By all means run it by her POTS doctor! Just tonight I've read about 4 articles on how the joint hypermobility syndrome (again now being viewed as EDS-HM) and POTS occur together in as much as 80% of study subjects........ Other articles say 63 + %.......So yes there is a correlation that a POTS specialist might well know about. You could have that doctor refer you to a pediatric geneticist that is versed in EDS. Again not all that easy to find ~ but they are out there. In fact I believe that by going to the EDNF.org website you can read the names of the doctors that are presenting at the huge upcoming conference in Baltimore and maybe find one that way ~ The presenters are going to be holding a clinic at the Conference itself as well for people who have found it difficult to find a treating physician. By having your daughters POTS doctor review her EDS symptoms and your concerns and family history (which is SO important to geneticists and genetic counselors) ~ he or she will hopefully be able to direct you to which doctor geneticist to see and where.

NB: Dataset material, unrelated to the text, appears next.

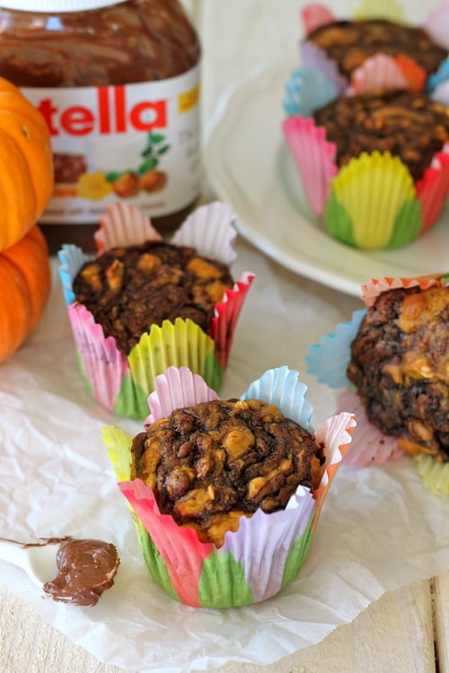 Pumpkin Nutella Swirl Oatmeal Muffins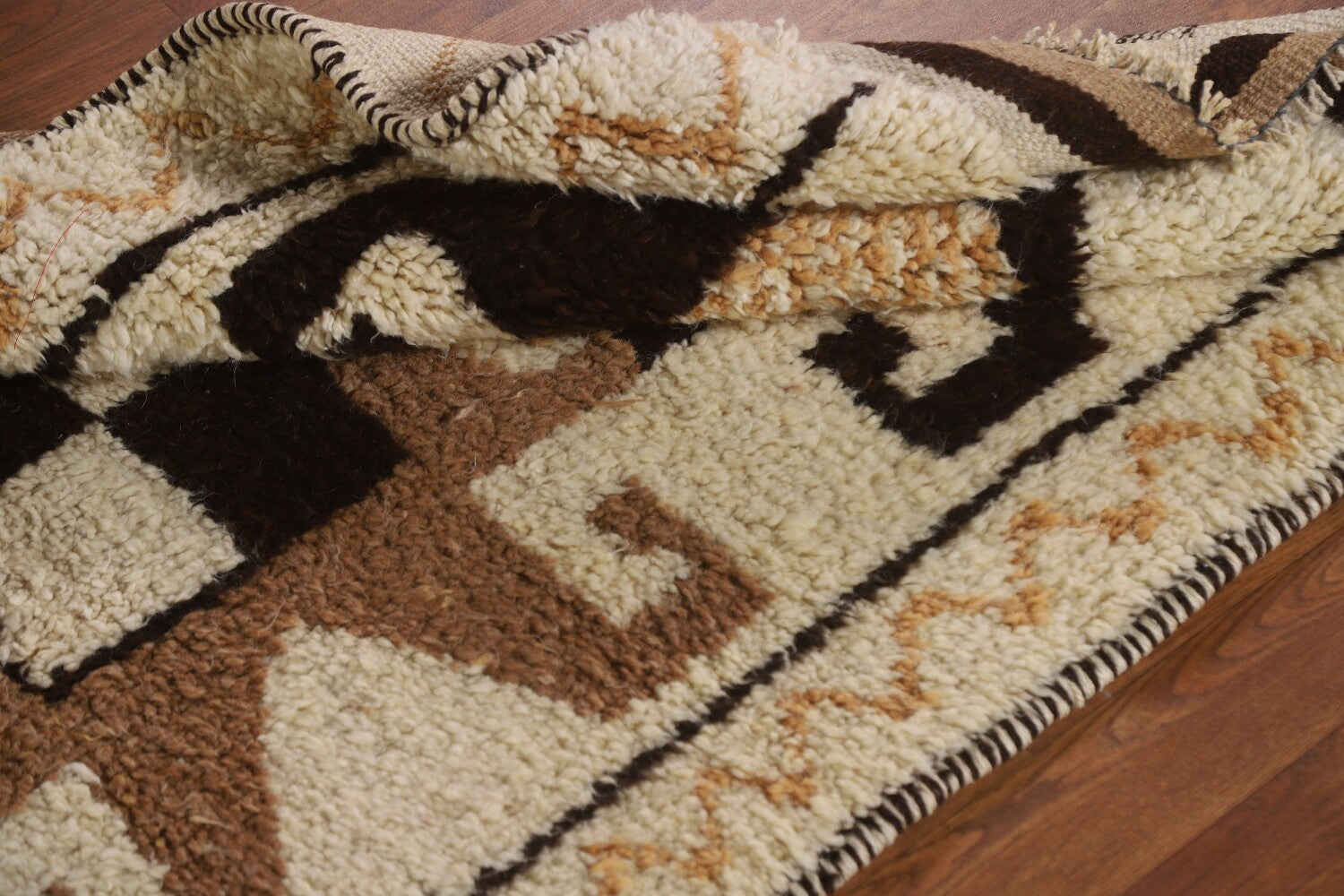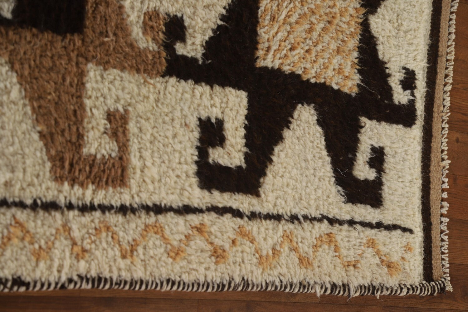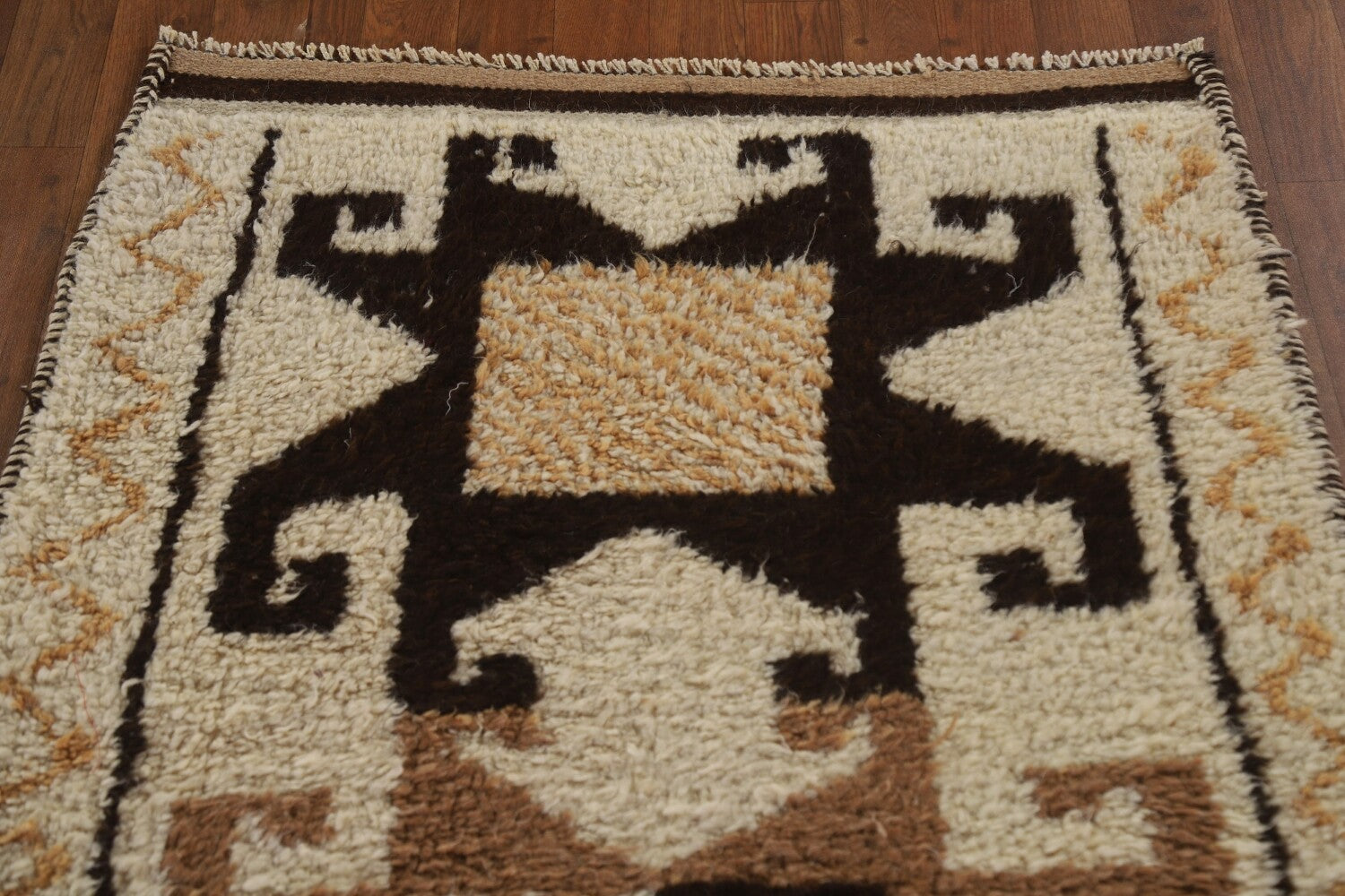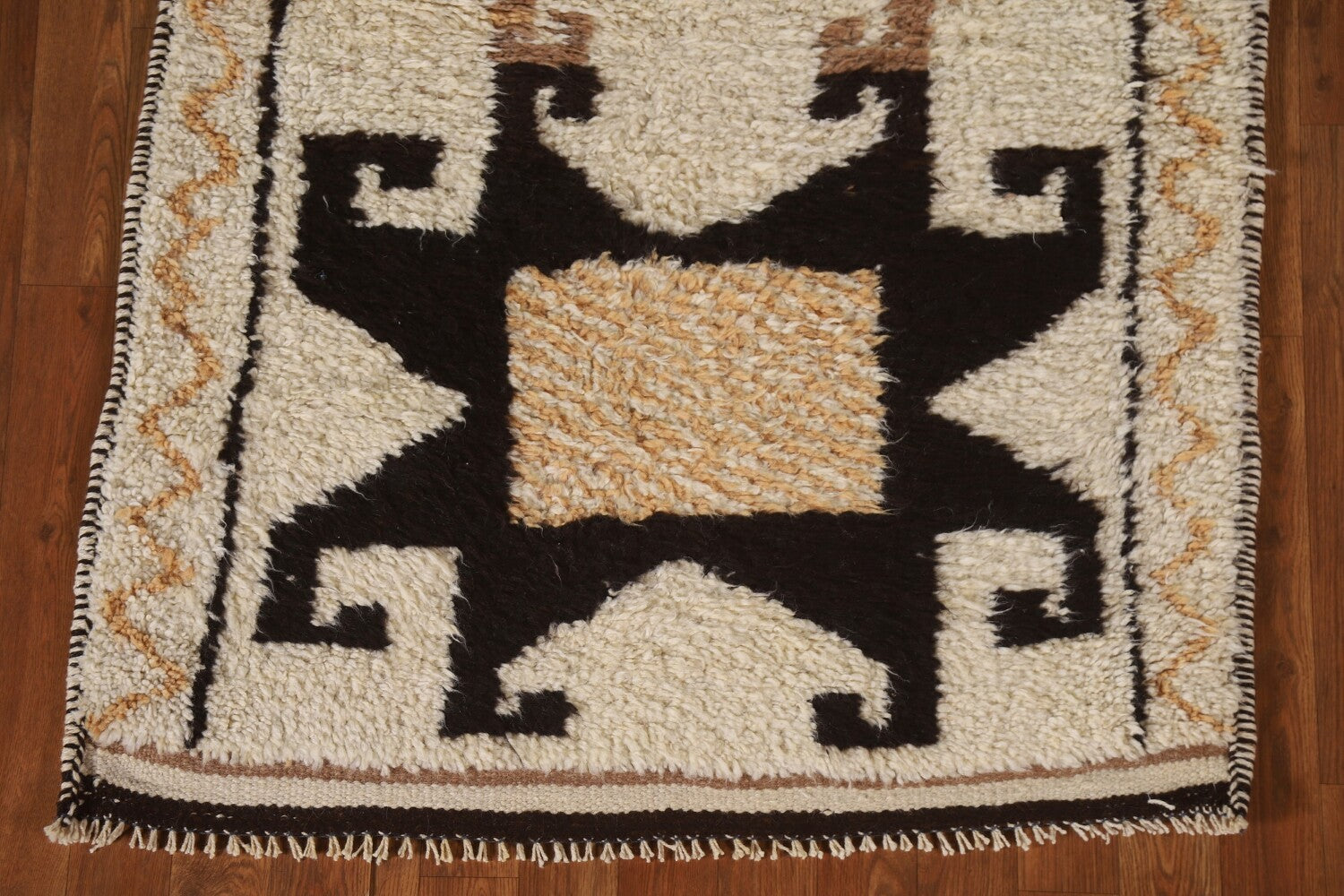 A Beautiful Genuine Turkey Kurdish rug is Hand Knotted by skillful weavers in Turkey with 100% Wool Material. This rug is in condition. dimensions are 10' 7'' X 3' 4'' in foot and 323 X 102 in centimeter. the primary color is Beige & Ivories.

A thorough history and physical exam (the Beighton Criteria and the revised Brighton Criteria) -- they measure everything lol.... a diagnosis should be able to be made. If then it's some of the more testable types of EDS are being viewed as likely ~ yes now there is a blood test ~ and a small skin sample for biopsy may be recommended. The collagen lab that tests for EDS is in Washington State at the university and they have genetic counselors that sometimes will talk to you if you have questions about an order from your doctor for a biopsy......There is no 'test' for the hypermobility type to be done in a lab.

Good luck to you :-)

The grinding and popping, the subluxing and or dislocating are commonplace .... as I'm sure you've read.
There are videos on utube from EDS programs and EDS patients ~ take with a grain of salt ~ but some were helpful for me to watch.